Given that the purpose of the reduction is to show that solving knapsacks is easy when you can easily solve project management, the fact that the reduction makes knapsacks into simple project management instances isn't a problem.

If you can solve project management efficiently, you can solve knapsack, too.

Suppose you have an algorithm $f$ that efficiently solves any project management problem in polynomial time.

Given a knapsack problem consisting of objects of a certain weight $w_i$ and value $v_i$ and a weight limit $W$ on the bag, you're trying to find a combination of objects which maximizes total value while remaining under the weight limit.

Form the corresponding project management problem. Convert each object into a single-task project $P_i=\{p_i\}$ whose task-cost is equal to the weight $w_i$ and whose reward is equal to the value $v_i$. Set the overall cost limit to the weight limit $W$.

Apply $f$ to this problem, with the reward level set initially set to $R=0$. If $f$ says that the problem is solvable, increase $R$ to 1 and re-run the experiment.
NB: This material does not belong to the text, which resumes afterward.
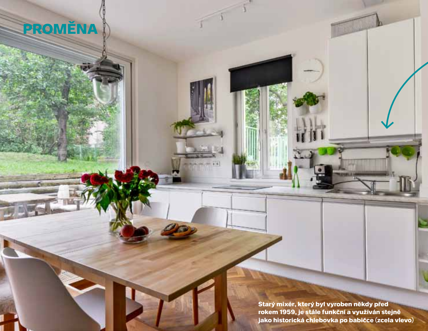
Starý mixér, který byl vyroben někdy před rokem 1959, je stále funkční a využíván stejně jako historická chlebovka po babičce (zcela vlevo)

Keep incrementally increasing $R$ and re-running the experiment until (1) $f$ says that it's impossible to achieve reward $R$, or (2) the reward $R$ maxes out at $R=\sum_i v_i$. This loop runs in polynomial time.

Now you know the maximum value $R$ achievable for your knapsack problem— you've solved an arbitrary knapsack problem in polynomial time using a polynomial-time subroutine for project management.

Because knapsack problems are NP-complete, the project management problem is NP-complete.